Counselor to the President
- In office May 20, 2020 – December 18, 2020 Serving with Hope Hicks
- President: Donald Trump
- Preceded by: Johnny DeStefano
- Succeeded by: Steve Ricchetti Jeff Zients

White House Staff Secretary
- In office February 7, 2018 – December 18, 2020 Acting: February 7, 2018 – June 6, 2018
- President: Donald Trump
- Preceded by: Rob Porter
- Succeeded by: Jessica Hertz

White House Deputy Staff Secretary
- In office January 20, 2017 – June 6, 2018
- President: Donald Trump
- Leader: Rob Porter
- Preceded by: Jesse Gurman
- Succeeded by: Catherine Bellah Keller

Personal details
- Party: Republican
- Education: Duke University (BA, BS) Harvard University (JD)

= Derek Lyons =

American attorney and political advisor

Derek S. Lyons is an American attorney and former White House Staff Secretary and Counselor to the President in the first administration of U.S. President Donald Trump.

==Education==
Lyons was a student of Strake Jesuit College Preparatory, from which he graduated in 2000. He went to Duke University, where he earned a Bachelor of Science and Bachelor of Arts in 2004.

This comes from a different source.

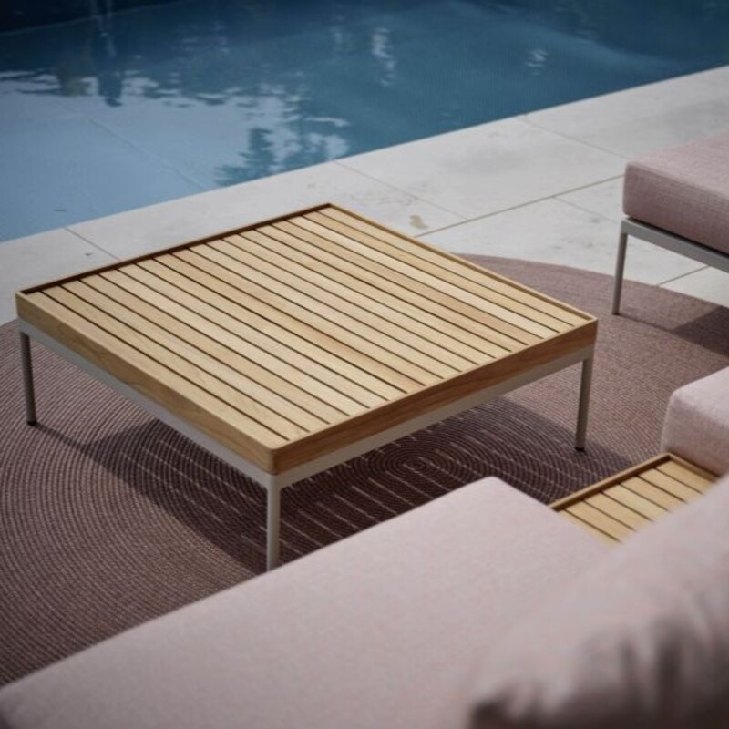 Der Beistelltisch STERN® Coco 80x80x29 cm Aluminium greige mit Teak-Tischplatte ist eine stilvolle Ergänzung für modulare Loungekombinationen im Außenbereich.

In June 2007, Lyons was a student of Harvard Law School and worked as a Summer Associate at Gibson, Dunn & Crutcher. Lyons graduated with a Juris Doctor in 2008.

==Career==
In 2007 Lyons was admitted to the State Bar of Texas and the Bars of the District of Columbia and Federal Circuit in 2010. He started his professional career as a law clerk to Brett Kavanaugh, a former judge serving on the United States Court of Appeals for the D.C. Circuit, and current Associate Justice of the U.S. Supreme Court and a former White House Staff Secretary.

After his clerkship, he worked for Representative Jeb Hensarling as a legislative assistant. He then moved to the private sector, working as a senior litigation assistant for the law firm Gibson, Dunn & Crutcher. His practice was mainly related to federal regulatory policy.

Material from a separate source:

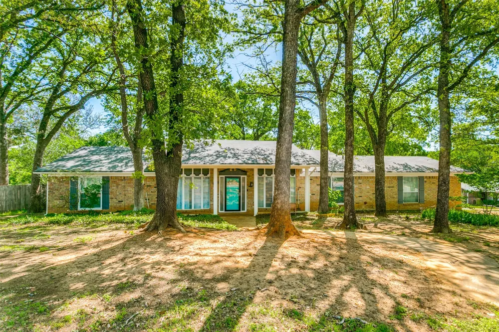 Welcome to your little slice of heaven in the middle of the metroplex. This home is situated on a large corner lot, in a quiet, heavily treed neighborhood with easy access to 183 Hwy. This is the largest lot and sq footage you will find, for this price point, in this area. It is by far the most bang for your buck!Walking up you will notice the great curb appeal, recently painted exterior with a covered front porch. Once in the home you will see updated wood laminate flooring. The front room, off the entry, is the formal living and dining area with a bay window and a great view of the neighborhood. Stepping into the large den you can imagine cozy evenings or your morning coffee snuggled by the fire with a clear view of the backyard. This home has a fantastic eatin kitchen with plenty of cabinet space, countertops and breakfast nook. All of the bedrooms are a great size with spacious closets but...the primary bedroom is everything you are looking for. This large bedroom has a ton of natural light, walkin closets and the bathroom retreat you deserve! It is a spa day, treat yourself, shut off from the world, kind of vibe. It will not disappoint! With the oversized corner lot, the backyard is waiting for an owner who loves to garden and be outdoors. It is perfect for kids and pets. This home is being sold As Is and the price has been adjusted to reflect that. Some of the flooring in the den was damaged by an Air conditioning leak. The leak has been fixed but the flooring needs to be tended to. Seller is willing to have flooring fixed with an acceptable offer.

In May 2014, he went back to Capitol Hill, becoming General Counsel in the office of Senator Rob Portman. In this role, he accompanied Senator Portman to meetings of the Subcommittee on Investigations for the Homeland Security and Governmental Affairs Committee.

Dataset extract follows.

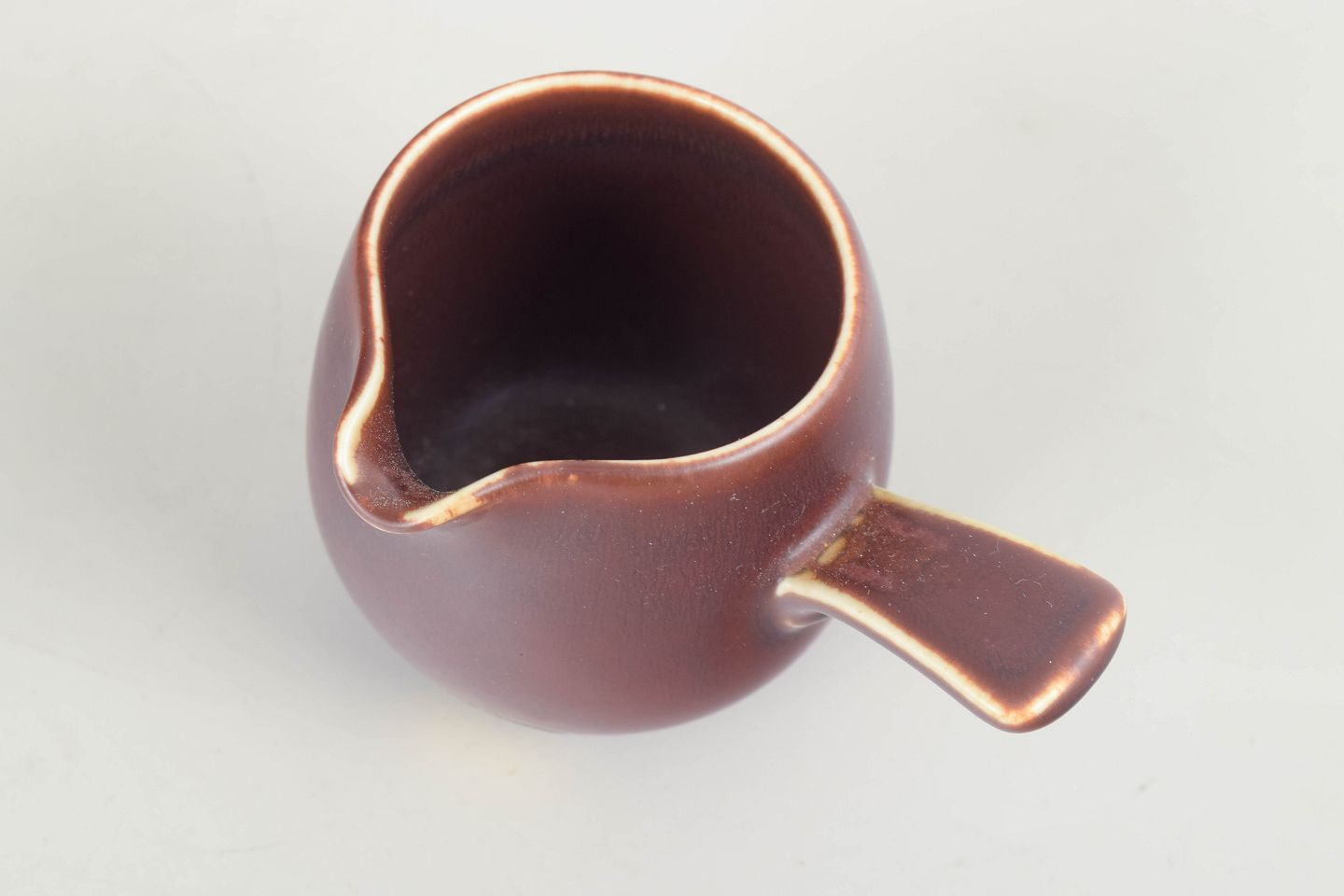 Elegant small creamer in a warm reddish-brown matte glaze with a rounded body and distinctive side handle—hallmarks of Nylund’s sculptural yet functional design. The soft glaze transitions and organic lines give the piece a refined modernist character.

Lyons worked for the Jeb Bush 2016 presidential campaign. In February 2016, he joined the law firm Boyden Gray & Associates.

From January 2017 to February 2018, Lyons worked at the White House as Deputy Assistant to the President and Deputy Staff Secretary.

After the sudden departure of Rob Porter in February 2018, Lyons was promoted to acting White House Staff Secretary. In June he was formally appointed to the role on a permanent basis. Lyons oversaw, together with the White House Chief of Staff, the flow of information to the President.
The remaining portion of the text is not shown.